Segment Start: Source records

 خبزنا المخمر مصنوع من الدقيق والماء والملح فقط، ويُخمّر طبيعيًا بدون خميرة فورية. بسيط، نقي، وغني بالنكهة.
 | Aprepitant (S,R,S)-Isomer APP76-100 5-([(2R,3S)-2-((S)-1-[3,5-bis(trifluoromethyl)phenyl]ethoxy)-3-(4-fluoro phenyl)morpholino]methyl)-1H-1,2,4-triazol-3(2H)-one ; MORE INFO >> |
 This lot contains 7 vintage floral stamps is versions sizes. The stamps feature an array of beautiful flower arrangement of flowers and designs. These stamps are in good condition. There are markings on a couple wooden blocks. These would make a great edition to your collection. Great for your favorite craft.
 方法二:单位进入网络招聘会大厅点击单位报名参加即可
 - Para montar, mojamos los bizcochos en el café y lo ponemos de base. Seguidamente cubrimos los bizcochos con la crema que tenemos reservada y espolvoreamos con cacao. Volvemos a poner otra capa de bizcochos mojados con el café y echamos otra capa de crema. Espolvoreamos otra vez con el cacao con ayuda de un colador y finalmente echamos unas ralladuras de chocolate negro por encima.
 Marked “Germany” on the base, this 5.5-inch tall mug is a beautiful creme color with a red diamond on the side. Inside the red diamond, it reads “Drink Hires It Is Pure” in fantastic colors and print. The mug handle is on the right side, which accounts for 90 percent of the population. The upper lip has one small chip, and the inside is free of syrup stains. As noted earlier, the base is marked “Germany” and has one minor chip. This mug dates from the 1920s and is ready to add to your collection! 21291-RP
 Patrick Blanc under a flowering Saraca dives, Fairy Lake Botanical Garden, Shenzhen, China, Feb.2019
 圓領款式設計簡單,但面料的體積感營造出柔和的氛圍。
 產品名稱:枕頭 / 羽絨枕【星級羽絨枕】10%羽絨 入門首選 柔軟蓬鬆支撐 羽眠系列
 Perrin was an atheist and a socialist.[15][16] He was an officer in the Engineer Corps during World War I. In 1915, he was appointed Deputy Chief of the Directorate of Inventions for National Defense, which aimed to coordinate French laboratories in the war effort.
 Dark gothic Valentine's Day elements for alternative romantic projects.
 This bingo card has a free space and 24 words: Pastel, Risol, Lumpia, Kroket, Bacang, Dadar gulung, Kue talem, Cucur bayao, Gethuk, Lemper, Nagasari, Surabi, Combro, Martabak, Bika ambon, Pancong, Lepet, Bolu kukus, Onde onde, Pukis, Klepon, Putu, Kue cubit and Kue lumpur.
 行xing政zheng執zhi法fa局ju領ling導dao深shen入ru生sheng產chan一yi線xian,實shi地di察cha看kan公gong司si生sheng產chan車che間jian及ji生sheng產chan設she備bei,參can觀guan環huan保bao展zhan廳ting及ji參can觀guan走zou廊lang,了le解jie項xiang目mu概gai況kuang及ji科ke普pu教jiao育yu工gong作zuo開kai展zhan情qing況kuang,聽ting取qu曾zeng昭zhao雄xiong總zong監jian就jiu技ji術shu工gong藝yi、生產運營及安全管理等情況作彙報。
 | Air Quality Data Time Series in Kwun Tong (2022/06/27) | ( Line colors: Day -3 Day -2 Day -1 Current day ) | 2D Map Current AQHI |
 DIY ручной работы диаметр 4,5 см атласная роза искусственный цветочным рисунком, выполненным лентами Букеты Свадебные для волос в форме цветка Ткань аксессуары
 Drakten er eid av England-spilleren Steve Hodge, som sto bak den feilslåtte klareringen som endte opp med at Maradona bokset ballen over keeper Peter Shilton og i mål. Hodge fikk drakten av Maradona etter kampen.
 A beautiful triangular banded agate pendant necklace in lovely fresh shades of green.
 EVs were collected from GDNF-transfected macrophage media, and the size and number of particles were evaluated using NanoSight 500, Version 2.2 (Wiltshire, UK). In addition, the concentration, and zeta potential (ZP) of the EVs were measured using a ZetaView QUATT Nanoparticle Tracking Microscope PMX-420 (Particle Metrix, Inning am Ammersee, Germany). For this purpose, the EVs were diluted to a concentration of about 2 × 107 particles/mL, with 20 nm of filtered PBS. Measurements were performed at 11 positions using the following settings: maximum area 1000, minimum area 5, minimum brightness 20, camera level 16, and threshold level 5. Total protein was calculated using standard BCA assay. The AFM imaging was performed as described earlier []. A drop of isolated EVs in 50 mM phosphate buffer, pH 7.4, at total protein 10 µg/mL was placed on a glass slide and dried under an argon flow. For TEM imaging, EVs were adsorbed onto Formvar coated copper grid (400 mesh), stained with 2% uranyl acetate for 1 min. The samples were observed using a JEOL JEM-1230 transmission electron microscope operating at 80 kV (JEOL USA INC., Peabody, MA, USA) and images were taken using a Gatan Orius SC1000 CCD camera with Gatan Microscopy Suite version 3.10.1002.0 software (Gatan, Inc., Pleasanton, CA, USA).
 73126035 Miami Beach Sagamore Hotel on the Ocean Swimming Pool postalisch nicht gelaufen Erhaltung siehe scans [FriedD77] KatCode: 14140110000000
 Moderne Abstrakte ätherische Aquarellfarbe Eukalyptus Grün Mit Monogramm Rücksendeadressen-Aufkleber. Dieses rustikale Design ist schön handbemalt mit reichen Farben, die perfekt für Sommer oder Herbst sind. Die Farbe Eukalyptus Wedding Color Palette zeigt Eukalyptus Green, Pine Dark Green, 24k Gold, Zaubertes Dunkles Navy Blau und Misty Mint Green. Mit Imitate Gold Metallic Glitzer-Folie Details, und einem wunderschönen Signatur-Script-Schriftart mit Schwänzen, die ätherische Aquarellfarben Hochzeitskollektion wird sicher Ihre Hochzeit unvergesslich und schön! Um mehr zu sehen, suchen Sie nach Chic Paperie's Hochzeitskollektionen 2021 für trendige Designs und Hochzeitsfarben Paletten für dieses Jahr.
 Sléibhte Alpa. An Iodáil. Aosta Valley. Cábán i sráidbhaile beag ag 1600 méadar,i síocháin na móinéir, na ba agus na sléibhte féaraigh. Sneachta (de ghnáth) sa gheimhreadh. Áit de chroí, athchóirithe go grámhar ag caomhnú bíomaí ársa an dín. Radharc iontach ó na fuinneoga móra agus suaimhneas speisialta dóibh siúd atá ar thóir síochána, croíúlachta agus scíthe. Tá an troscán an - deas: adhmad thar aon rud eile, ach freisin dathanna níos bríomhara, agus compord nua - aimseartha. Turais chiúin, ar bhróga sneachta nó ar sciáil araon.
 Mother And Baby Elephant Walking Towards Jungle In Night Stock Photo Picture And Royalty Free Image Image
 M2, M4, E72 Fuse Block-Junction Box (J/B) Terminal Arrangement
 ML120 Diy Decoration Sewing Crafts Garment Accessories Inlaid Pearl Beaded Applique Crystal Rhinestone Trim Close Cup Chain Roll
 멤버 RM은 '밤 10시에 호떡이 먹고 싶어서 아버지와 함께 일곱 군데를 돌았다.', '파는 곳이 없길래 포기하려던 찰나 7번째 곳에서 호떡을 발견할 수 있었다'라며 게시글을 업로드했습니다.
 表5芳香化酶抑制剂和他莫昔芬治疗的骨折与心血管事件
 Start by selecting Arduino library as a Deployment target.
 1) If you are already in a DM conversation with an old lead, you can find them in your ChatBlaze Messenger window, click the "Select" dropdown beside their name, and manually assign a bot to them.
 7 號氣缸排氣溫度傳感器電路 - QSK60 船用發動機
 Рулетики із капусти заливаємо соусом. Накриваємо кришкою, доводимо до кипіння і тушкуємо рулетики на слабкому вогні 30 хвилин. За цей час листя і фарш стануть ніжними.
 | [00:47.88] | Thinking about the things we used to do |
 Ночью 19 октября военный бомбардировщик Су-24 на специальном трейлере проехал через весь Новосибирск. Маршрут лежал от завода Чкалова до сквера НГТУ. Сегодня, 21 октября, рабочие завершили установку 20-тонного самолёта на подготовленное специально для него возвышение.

Segment End: Source records

● Exercise brief: Quote in full each line from the top of the records above through the line with "MORE INFO >> |"; stop after that line.

● Written answer:
 خبزنا المخمر مصنوع من الدقيق والماء والملح فقط، ويُخمّر طبيعيًا بدون خميرة فورية. بسيط، نقي، وغني بالنكهة.
 | Aprepitant (S,R,S)-Isomer APP76-100 5-([(2R,3S)-2-((S)-1-[3,5-bis(trifluoromethyl)phenyl]ethoxy)-3-(4-fluoro phenyl)morpholino]methyl)-1H-1,2,4-triazol-3(2H)-one ; MORE INFO >> |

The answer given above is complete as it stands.